In this effort the natural allies of the Bollandists were and are historians who, for their own reasons, seek to know, understand, and describe the medieval cult of the saints as a fact with cultural, sociological, economic, and political consequences. To this task historians in growing numbers have dedicated themselves, ever since the innovative, Marxist, Czech historian Frantisek Graus (Volk, Herrscher, und Heiliger im Reich der Merowinger. Studeien zur Hagiographie der Merowingenzeit, 1965) demonstrated the usefulness of hagiographic sources for social history. The work of three scholars in the 1980s has proven pivotal: Peter Brown (The Cult of the Saints: Its Rise and Function in Latin Christianity, 1981), Caroline Walker Bynum (Holy Feast and Holy Fast, 1987), and André Vauchez (Sainthood in the Later Middle Ages, 1981).

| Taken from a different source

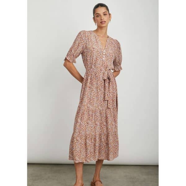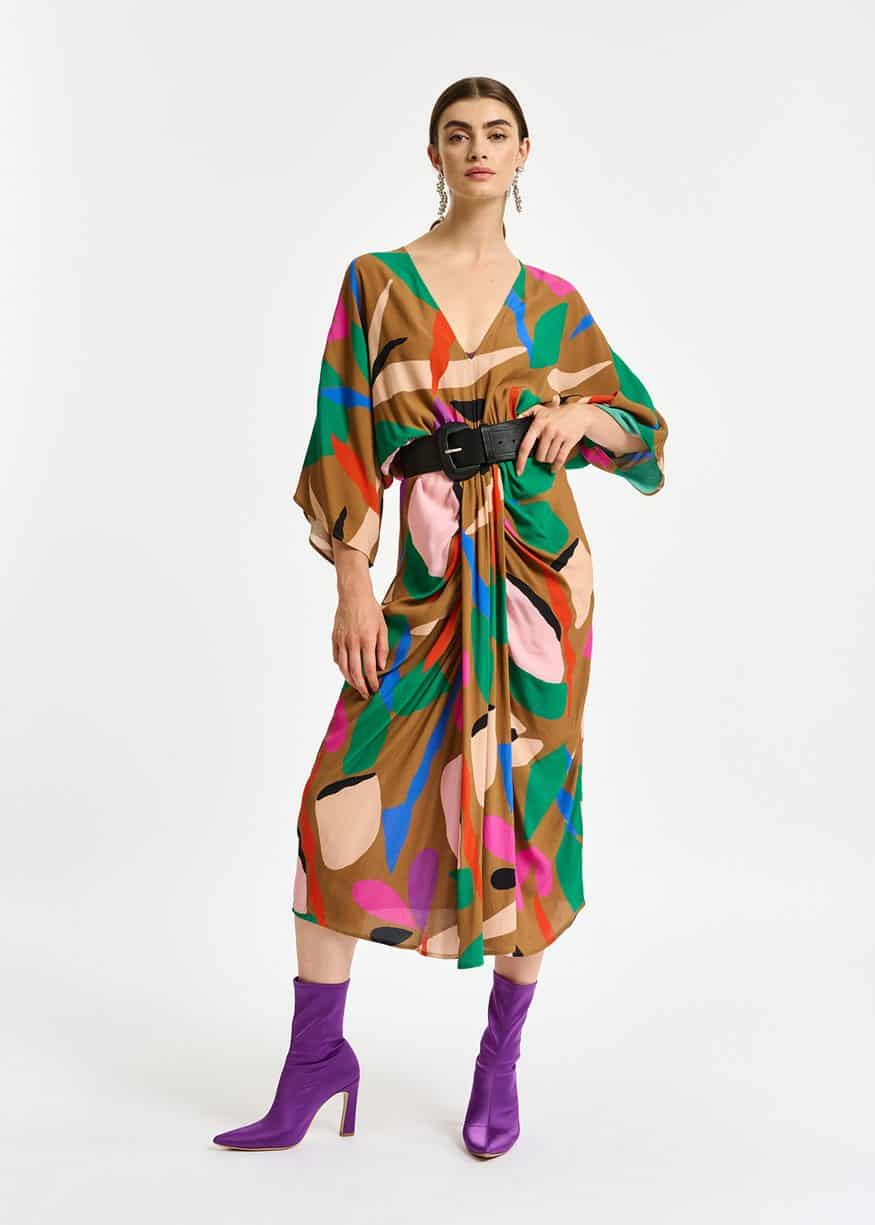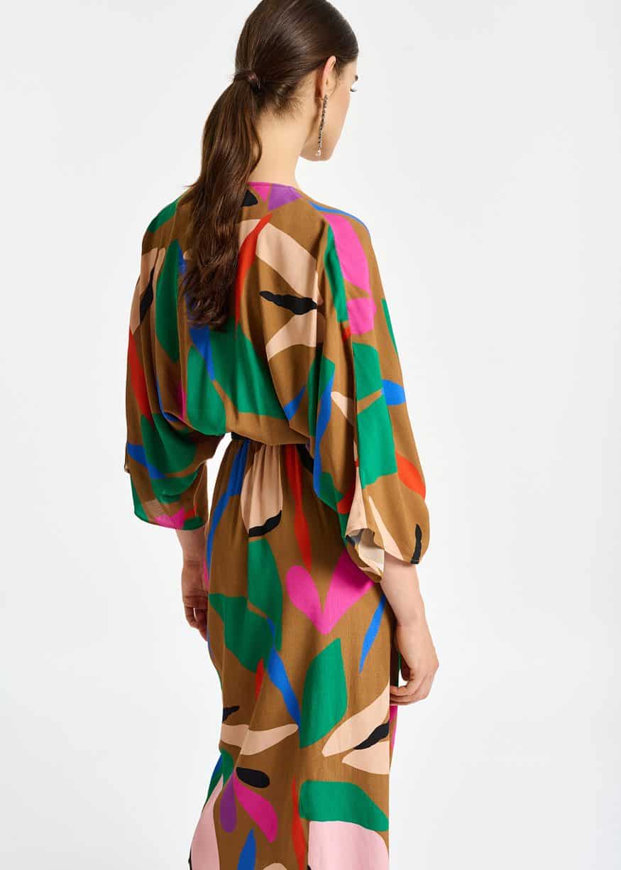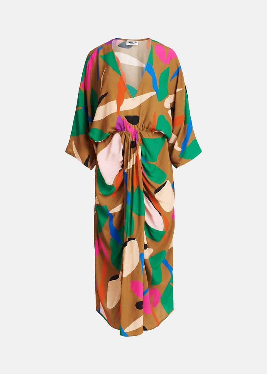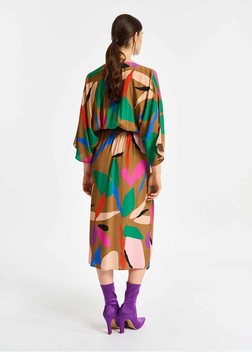 The Essentiel Antwerp Capuccino Kimono Wrap Dress in buckthorn brown is a gorgeous midi dress. The dress features a wrap skirt with box pleat gathering at the front is attached to a mid-length dress with a deep V-neckline and wide T-shirt sleeves. To emphasise the flowing drape, the light fabric with a striking design is kept unlined.

Since then, there has been a flood of important hagiographic studies by historians.

This combined hagiographical enterprise by Bollandists and social historians plainly parallels the modern impulse in biblical criticism to test, verify, and interpret the Bible’s “letter” not principally by the Church’s rule of faith (regula fidei), but historically in time and place as a human work, a cultural product. Much knowledge has been gained by this. By its procedural bracketing, however, of the theological questions of divine inspiration, authorship, and intervention, biblical “higher criticism” casts them into doubt (a process signaled by the “demythologizing” of Rudolf Bultman), even as its “lower criticism” of the text undermines traditional exegesis based (according to the findings of modern scholarship) on errors in transmission, faulty translation, or the verbal concordance of biblical words and phrases stemming from diverse authors, chronological periods, and cultural idioms.

Not surprisingly, therefore, modern historians who narrate the life of a medieval saint resemble biblical scholars in search of the Historical Jesus. Augustine Thompson’s recent Francis of Assisi: A New Biography, for example, uses the earliest sources to construct a minimalist, demythologized account of the founder of the Franciscans. As Thompson says of his own work, “The similarity to Historical Jesus studies is obvious.” The “Historical Francis” that emerges from Thompson’s biography is not, however, the “real Francis.” “My ‘Historical Francis’ . . . is ‘historical,’” writes Thompson, “in that the picture I have painted is the result of historical method, not theological reflection or pious edification.”